JOHANNESBURG (Reuters) – South African trade unions ended a pay dispute with state power firm Eskom on Thursday, removing a major obstacle to President Cyril Ramaphosa’s efforts to guarantee uninterrupted power supplies while reforming the struggling utility.

Three unions — the National Union of Mineworkers (NUM), National Union of Metalworkers of South Africa and Solidarity — signed a three-year deal that will see Eskom workers receive a 7.5 percent wage increase this year and a 7 percent increase in each of the following two years.

The agreement places an added burden on Eskom’s strained finances but reduces the risk of a repeat of the power outages experienced during several days in June and July that which cast a cloud over Ramaphosa’s economic reform programme.

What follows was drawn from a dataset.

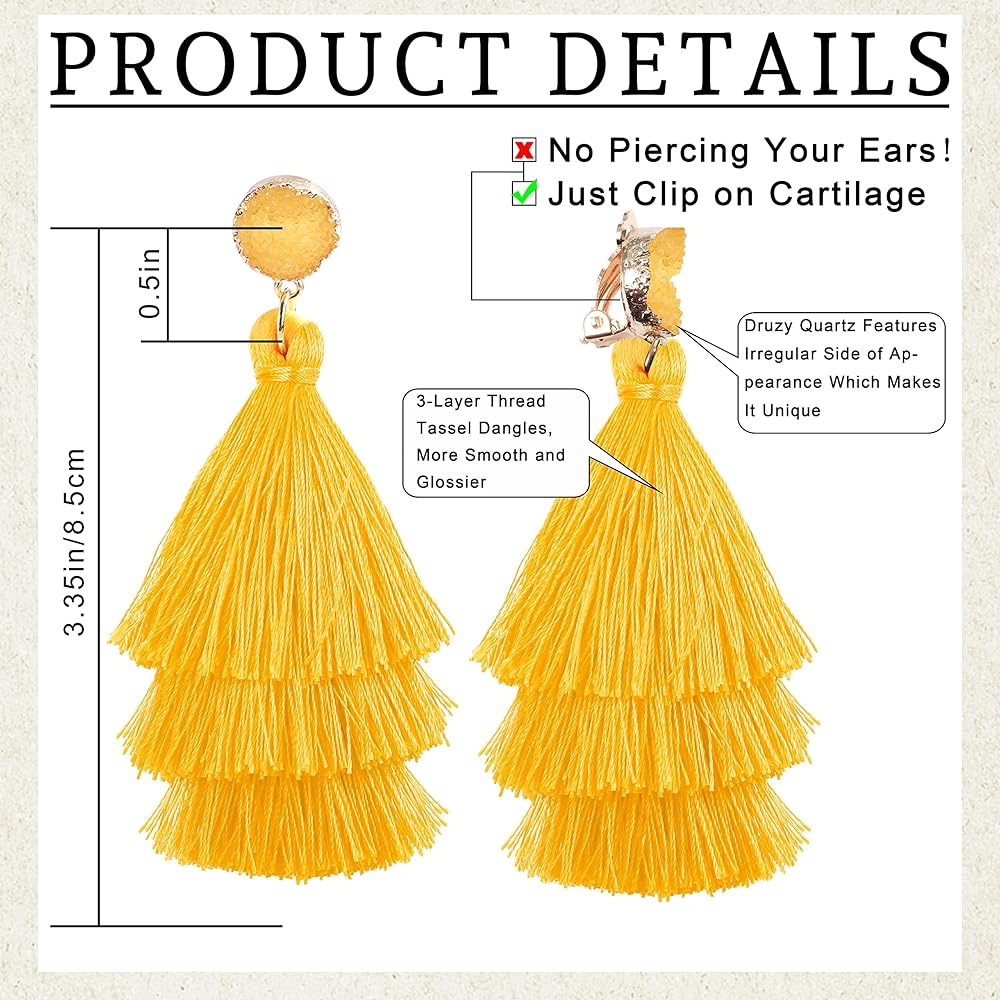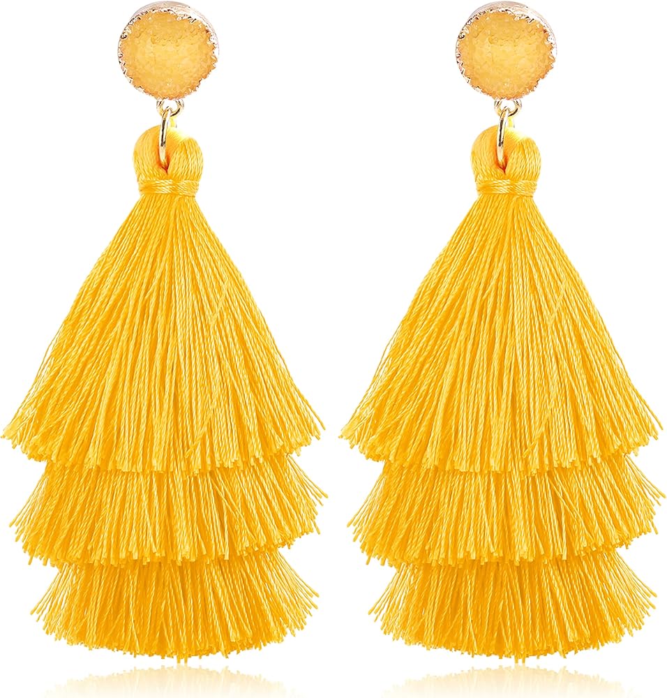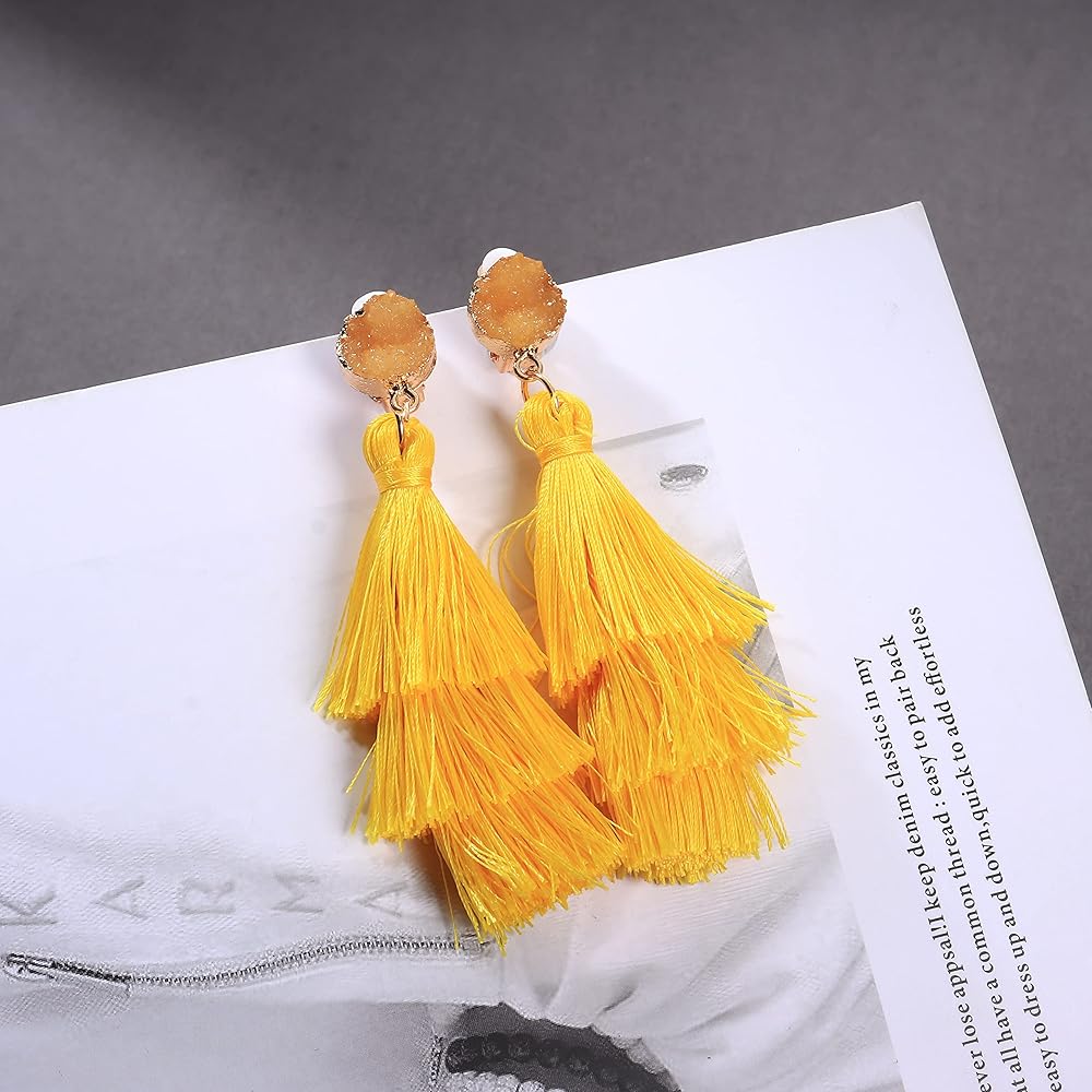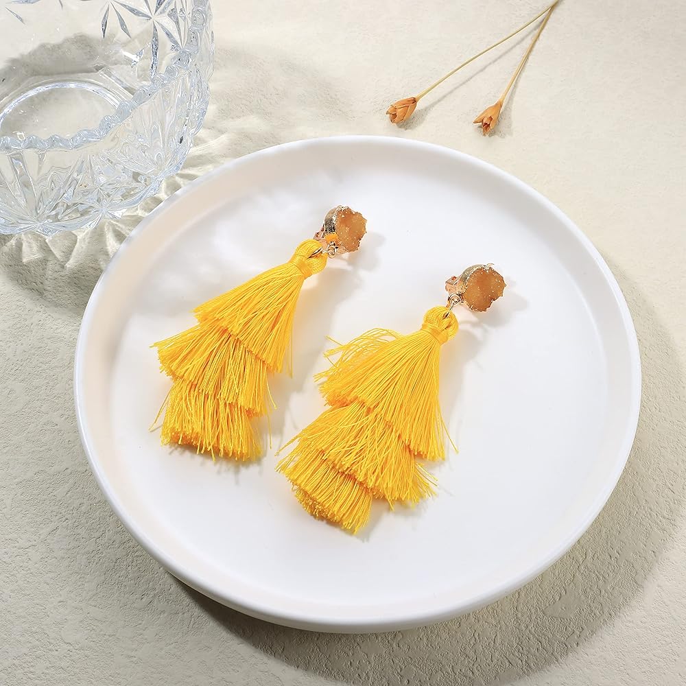 💓أقراط الشرابة الساخنة💓 تتميز هذه الأقراط ذات المشبك البوهو بأحجار كريمة دروزي طبيعية وشرابة من 3 طبقات تتدلى في شكل ضخم مستوحى من تنورة الهولا. اللون مذهل ورائع، اجعل مظهرك مشرقًا مع هذه الأقراط ذات الشرابة.

Cash-strapped Eskom is one of the biggest threats to South Africa’s sovereign credit ratings, which are near “junk” status. It is desperate to push ahead with a turnaround plan.

The state-owned utility supplies more than 90 percent of the country’s power, has around 270 billion rand ($18.6 billion) of state-guaranteed debt and is a major employer, with around 47,000 staff, a figure its new board wants to trim to repair the firm’s balance sheet.

When talks with trade unions began several months ago, Eskom offered no increase in salaries. But it backtracked after protesting workers forced some generating units to be switched off, leading to the first power outages since 2015.

“The 2018 Eskom wage negotiations have been the most difficult ever in the history of the NUM,” the union said in a statement.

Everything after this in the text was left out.